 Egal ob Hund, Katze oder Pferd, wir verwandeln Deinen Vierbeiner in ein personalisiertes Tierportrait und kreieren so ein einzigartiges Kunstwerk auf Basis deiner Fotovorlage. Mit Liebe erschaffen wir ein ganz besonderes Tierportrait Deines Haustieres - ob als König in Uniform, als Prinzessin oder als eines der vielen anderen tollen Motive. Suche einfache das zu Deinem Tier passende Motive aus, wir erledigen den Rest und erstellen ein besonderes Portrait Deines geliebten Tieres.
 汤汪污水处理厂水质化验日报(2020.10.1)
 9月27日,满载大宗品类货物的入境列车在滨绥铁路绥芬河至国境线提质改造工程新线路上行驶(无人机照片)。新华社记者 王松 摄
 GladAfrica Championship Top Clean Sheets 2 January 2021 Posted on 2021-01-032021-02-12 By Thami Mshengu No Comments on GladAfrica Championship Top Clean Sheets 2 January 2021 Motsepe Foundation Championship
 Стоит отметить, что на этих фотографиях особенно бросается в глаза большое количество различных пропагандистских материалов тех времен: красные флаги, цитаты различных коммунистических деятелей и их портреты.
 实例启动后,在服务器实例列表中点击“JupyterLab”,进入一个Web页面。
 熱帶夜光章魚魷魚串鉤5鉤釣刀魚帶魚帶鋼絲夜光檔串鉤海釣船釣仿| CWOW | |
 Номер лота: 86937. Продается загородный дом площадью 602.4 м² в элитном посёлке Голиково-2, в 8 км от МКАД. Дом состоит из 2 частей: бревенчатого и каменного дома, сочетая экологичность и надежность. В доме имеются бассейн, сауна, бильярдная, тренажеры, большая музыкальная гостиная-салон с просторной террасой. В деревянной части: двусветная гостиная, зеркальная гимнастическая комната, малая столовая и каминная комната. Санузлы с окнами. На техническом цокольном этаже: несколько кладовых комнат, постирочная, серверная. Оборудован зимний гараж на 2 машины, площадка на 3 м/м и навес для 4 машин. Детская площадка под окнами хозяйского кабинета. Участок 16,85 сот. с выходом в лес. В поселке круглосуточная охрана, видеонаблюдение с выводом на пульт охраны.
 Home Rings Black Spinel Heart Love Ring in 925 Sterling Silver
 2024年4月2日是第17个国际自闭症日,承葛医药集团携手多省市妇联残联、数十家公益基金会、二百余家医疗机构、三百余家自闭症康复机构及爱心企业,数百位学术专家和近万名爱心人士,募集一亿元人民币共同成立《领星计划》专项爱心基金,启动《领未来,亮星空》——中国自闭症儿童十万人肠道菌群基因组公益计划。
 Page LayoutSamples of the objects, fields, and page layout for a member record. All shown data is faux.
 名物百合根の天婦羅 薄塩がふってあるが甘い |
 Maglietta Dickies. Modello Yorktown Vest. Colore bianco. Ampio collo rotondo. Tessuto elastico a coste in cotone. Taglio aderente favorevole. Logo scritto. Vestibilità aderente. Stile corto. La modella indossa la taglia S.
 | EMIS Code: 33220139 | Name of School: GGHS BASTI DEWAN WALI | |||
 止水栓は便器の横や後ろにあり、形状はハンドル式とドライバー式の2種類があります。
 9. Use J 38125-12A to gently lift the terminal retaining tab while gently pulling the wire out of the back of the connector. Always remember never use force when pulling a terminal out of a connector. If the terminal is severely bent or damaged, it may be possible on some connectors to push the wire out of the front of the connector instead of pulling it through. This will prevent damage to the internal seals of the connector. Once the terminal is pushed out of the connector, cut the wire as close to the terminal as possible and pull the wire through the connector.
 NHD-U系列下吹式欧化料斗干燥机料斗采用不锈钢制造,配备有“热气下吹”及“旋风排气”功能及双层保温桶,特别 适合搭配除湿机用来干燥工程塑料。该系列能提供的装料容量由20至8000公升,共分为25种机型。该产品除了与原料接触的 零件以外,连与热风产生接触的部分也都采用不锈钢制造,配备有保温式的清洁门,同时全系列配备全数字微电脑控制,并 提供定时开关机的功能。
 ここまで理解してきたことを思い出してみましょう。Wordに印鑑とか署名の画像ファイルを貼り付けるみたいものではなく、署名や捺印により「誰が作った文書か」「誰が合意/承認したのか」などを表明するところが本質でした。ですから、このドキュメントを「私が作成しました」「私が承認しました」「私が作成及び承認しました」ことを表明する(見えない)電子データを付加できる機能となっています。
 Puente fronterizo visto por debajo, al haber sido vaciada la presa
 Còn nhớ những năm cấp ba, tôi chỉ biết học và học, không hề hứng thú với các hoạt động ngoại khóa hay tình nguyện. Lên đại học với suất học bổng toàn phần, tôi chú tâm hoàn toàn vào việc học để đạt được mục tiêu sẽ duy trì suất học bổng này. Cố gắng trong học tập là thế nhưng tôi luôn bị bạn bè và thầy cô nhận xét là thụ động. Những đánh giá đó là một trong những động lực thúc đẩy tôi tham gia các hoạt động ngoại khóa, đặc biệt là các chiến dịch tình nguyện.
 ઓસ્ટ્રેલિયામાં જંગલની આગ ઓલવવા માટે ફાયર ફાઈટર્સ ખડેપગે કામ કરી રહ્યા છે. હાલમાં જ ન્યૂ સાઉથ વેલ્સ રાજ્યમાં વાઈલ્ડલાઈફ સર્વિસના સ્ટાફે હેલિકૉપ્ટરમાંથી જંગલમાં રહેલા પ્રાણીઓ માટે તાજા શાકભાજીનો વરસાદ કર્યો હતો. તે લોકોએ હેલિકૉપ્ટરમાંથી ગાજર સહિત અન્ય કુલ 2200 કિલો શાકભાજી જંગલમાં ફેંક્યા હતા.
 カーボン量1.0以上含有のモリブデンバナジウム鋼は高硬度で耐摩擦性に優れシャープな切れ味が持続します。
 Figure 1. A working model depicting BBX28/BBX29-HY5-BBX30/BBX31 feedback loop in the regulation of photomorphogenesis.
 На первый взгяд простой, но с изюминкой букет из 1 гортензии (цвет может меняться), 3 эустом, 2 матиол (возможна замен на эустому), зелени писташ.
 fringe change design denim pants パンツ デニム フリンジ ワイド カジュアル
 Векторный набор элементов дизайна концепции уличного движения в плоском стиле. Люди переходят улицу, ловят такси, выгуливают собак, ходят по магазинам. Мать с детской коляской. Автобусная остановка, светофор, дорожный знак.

· · · · ·

* [Task requirements]:
Above are the entries. Quote exactly the lines from the one bearing "2024年4月2日是第17个" through the one bearing "Puente fronterizo visto".

* [Written answer]:
 2024年4月2日是第17个国际自闭症日,承葛医药集团携手多省市妇联残联、数十家公益基金会、二百余家医疗机构、三百余家自闭症康复机构及爱心企业,数百位学术专家和近万名爱心人士,募集一亿元人民币共同成立《领星计划》专项爱心基金,启动《领未来,亮星空》——中国自闭症儿童十万人肠道菌群基因组公益计划。
 Page LayoutSamples of the objects, fields, and page layout for a member record. All shown data is faux.
 名物百合根の天婦羅 薄塩がふってあるが甘い |
 Maglietta Dickies. Modello Yorktown Vest. Colore bianco. Ampio collo rotondo. Tessuto elastico a coste in cotone. Taglio aderente favorevole. Logo scritto. Vestibilità aderente. Stile corto. La modella indossa la taglia S.
 | EMIS Code: 33220139 | Name of School: GGHS BASTI DEWAN WALI | |||
 止水栓は便器の横や後ろにあり、形状はハンドル式とドライバー式の2種類があります。
 9. Use J 38125-12A to gently lift the terminal retaining tab while gently pulling the wire out of the back of the connector. Always remember never use force when pulling a terminal out of a connector. If the terminal is severely bent or damaged, it may be possible on some connectors to push the wire out of the front of the connector instead of pulling it through. This will prevent damage to the internal seals of the connector. Once the terminal is pushed out of the connector, cut the wire as close to the terminal as possible and pull the wire through the connector.
 NHD-U系列下吹式欧化料斗干燥机料斗采用不锈钢制造,配备有“热气下吹”及“旋风排气”功能及双层保温桶,特别 适合搭配除湿机用来干燥工程塑料。该系列能提供的装料容量由20至8000公升,共分为25种机型。该产品除了与原料接触的 零件以外,连与热风产生接触的部分也都采用不锈钢制造,配备有保温式的清洁门,同时全系列配备全数字微电脑控制,并 提供定时开关机的功能。
 ここまで理解してきたことを思い出してみましょう。Wordに印鑑とか署名の画像ファイルを貼り付けるみたいものではなく、署名や捺印により「誰が作った文書か」「誰が合意/承認したのか」などを表明するところが本質でした。ですから、このドキュメントを「私が作成しました」「私が承認しました」「私が作成及び承認しました」ことを表明する(見えない)電子データを付加できる機能となっています。
 Puente fronterizo visto por debajo, al haber sido vaciada la presa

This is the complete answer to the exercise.